(Activity):
For the listing below, the answer is an exact retyping of the lines from the one with "view image 6" through the one with "elevating everyday outfits.", both included, without pictures.

(Task data):
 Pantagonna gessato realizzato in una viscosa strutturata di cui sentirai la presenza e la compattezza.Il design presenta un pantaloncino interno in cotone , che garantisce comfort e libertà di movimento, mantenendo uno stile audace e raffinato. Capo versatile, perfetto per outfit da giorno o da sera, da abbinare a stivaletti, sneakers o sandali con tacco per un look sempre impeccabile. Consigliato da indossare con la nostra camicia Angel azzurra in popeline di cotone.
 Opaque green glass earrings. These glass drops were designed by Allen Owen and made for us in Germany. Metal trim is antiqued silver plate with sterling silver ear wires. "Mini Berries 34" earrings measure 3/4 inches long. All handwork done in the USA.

==

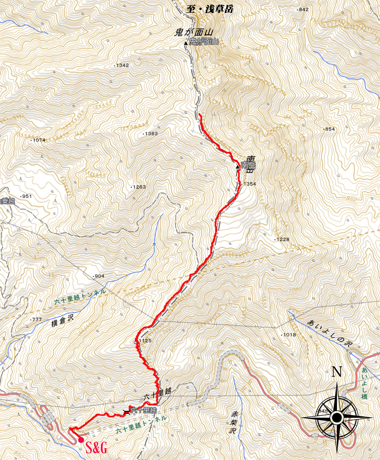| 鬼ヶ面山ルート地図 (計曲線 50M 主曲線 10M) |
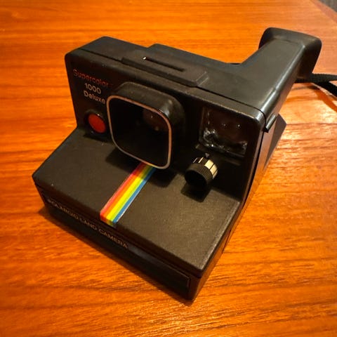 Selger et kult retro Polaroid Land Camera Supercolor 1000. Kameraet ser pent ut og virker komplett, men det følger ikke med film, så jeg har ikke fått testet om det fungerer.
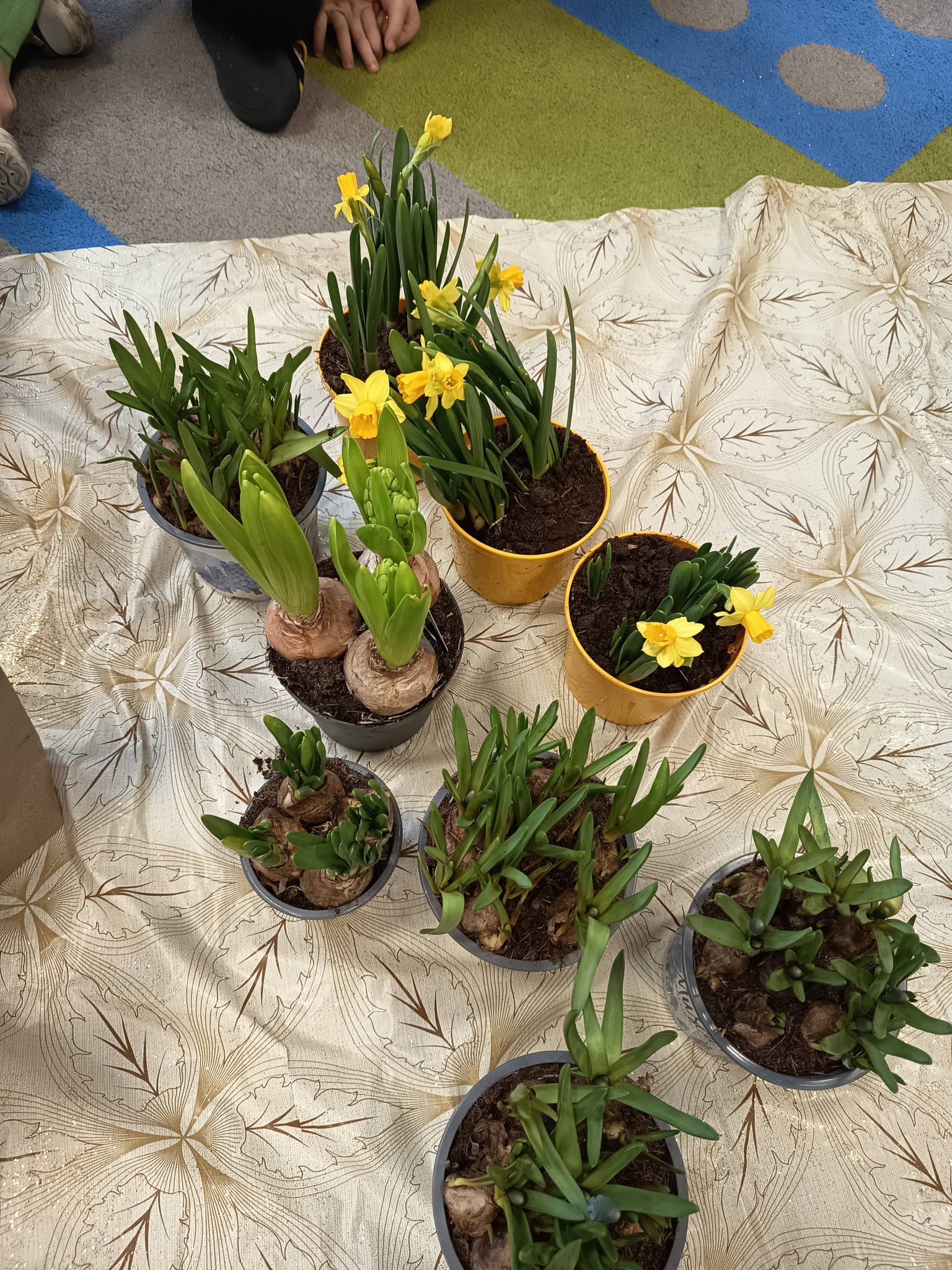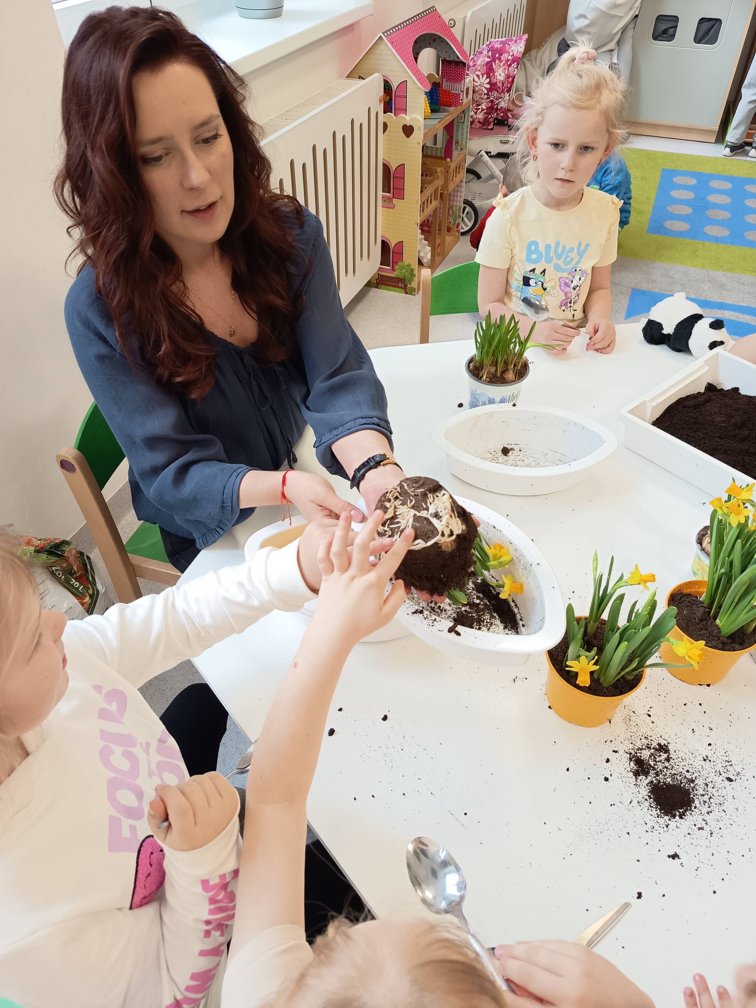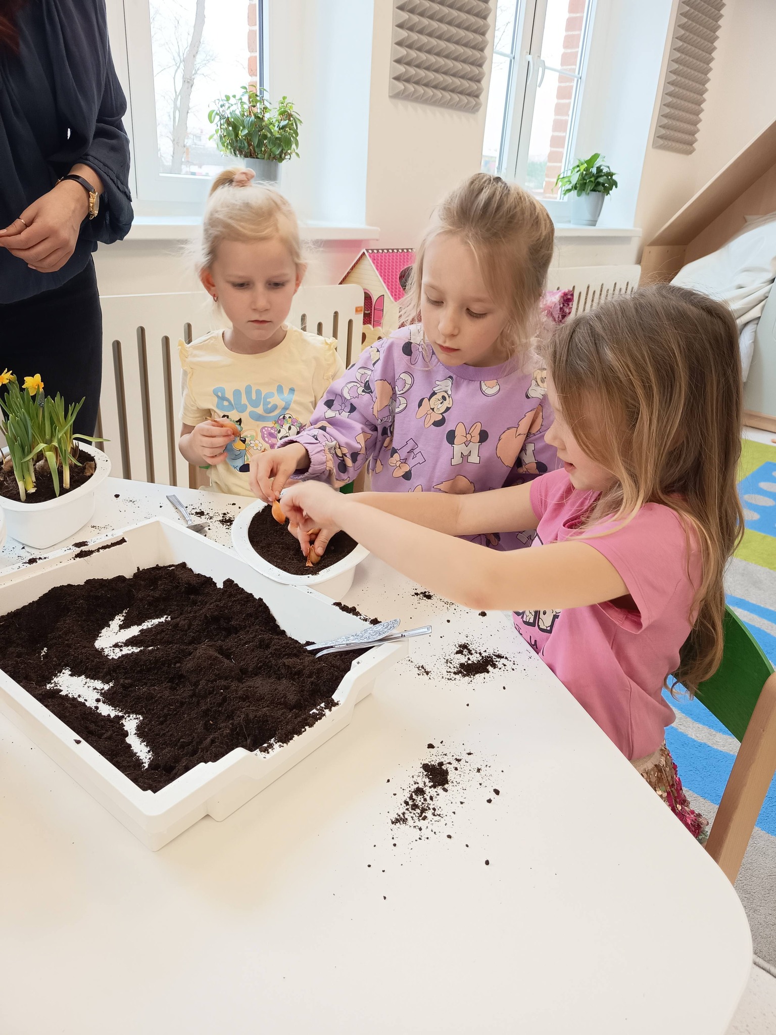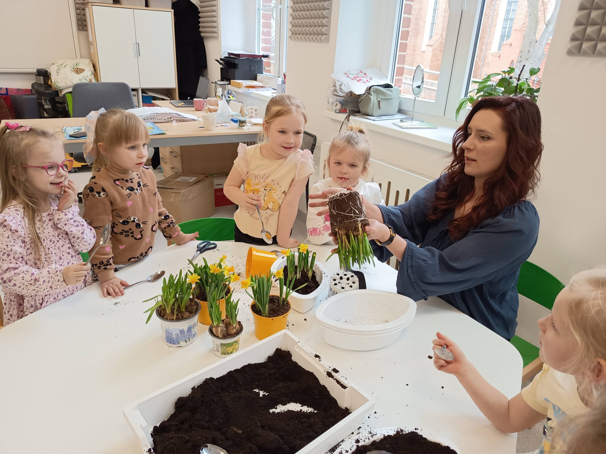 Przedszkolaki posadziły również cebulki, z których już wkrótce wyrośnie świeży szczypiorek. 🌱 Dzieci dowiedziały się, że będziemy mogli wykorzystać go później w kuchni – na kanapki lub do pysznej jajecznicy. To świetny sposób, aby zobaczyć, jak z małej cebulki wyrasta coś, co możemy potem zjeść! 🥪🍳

--

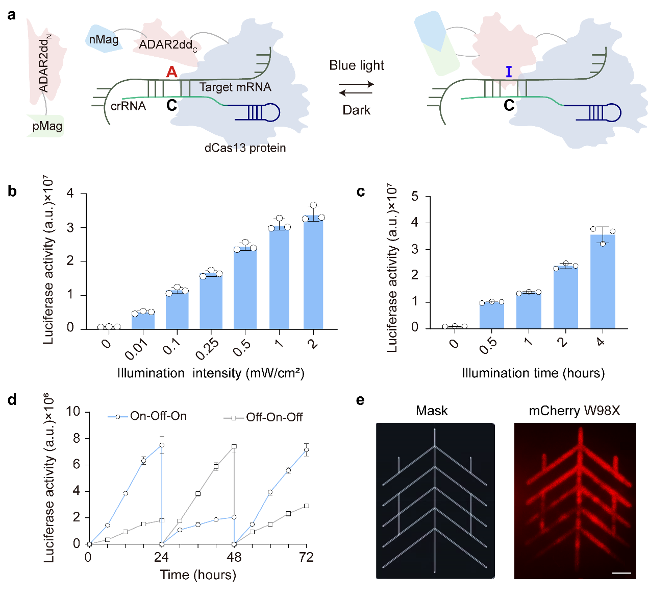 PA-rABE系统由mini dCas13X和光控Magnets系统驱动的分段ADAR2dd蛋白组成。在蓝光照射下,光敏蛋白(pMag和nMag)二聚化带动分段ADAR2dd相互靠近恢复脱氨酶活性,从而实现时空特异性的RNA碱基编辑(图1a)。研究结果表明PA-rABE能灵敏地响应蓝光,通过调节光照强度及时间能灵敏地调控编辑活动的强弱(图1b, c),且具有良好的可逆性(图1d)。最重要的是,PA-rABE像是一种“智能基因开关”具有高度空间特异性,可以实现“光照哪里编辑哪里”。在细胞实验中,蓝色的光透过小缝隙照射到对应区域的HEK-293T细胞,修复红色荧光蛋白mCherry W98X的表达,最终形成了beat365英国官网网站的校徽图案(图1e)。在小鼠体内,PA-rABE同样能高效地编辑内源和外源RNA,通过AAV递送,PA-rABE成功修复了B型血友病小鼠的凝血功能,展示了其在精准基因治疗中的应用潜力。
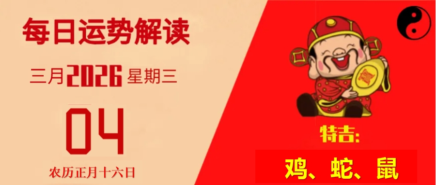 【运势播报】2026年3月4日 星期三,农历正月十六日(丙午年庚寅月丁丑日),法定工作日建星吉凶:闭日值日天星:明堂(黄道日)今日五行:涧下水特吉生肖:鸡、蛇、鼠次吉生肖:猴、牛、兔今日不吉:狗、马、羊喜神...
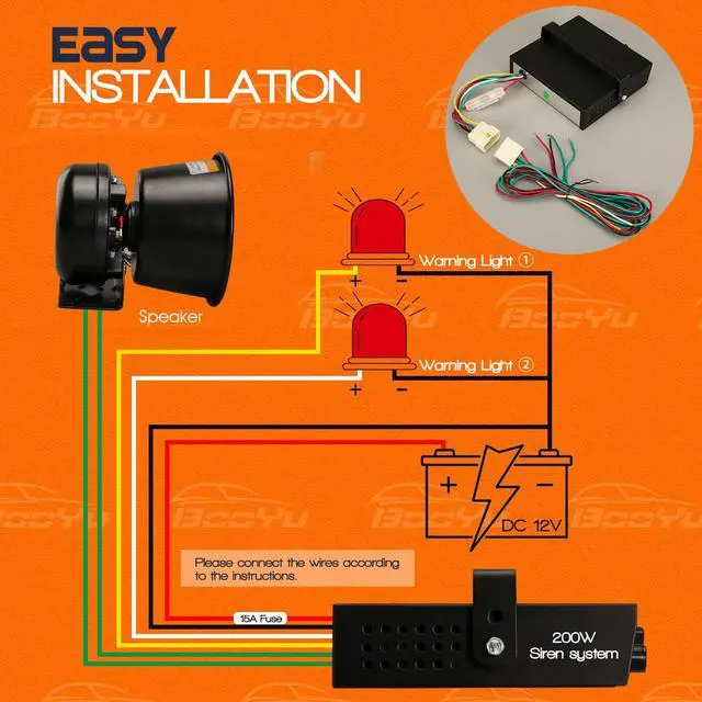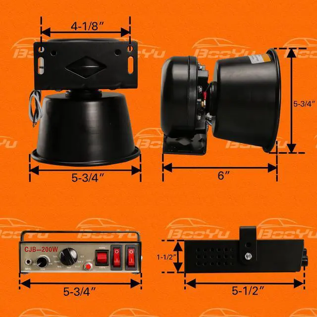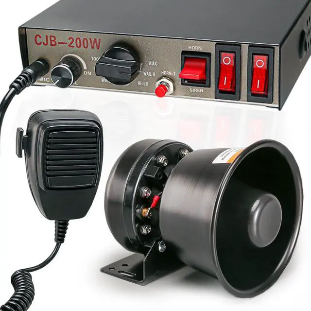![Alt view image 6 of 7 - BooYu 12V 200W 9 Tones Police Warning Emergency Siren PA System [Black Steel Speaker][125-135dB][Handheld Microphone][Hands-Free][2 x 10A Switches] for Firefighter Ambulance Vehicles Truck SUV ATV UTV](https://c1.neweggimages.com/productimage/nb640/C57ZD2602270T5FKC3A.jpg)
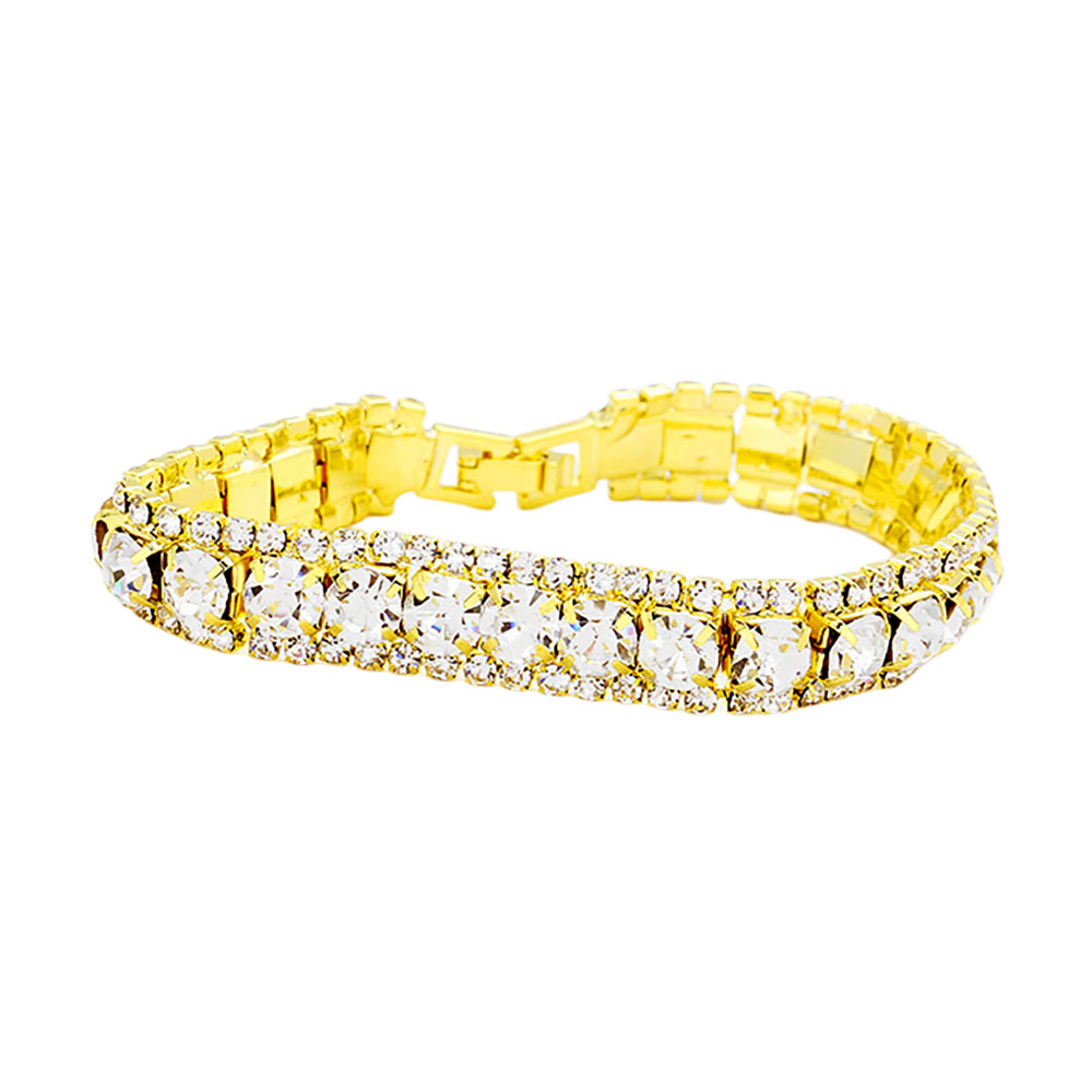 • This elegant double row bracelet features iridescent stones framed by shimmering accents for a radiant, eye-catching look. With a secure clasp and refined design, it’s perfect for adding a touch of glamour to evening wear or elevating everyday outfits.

(Reply):
![Alt view image 6 of 7 - BooYu 12V 200W 9 Tones Police Warning Emergency Siren PA System [Black Steel Speaker][125-135dB][Handheld Microphone][Hands-Free][2 x 10A Switches] for Firefighter Ambulance Vehicles Truck SUV ATV UTV](https://c1.neweggimages.com/productimage/nb640/C57ZD2602270T5FKC3A.jpg)
 • This elegant double row bracelet features iridescent stones framed by shimmering accents for a radiant, eye-catching look. With a secure clasp and refined design, it’s perfect for adding a touch of glamour to evening wear or elevating everyday outfits.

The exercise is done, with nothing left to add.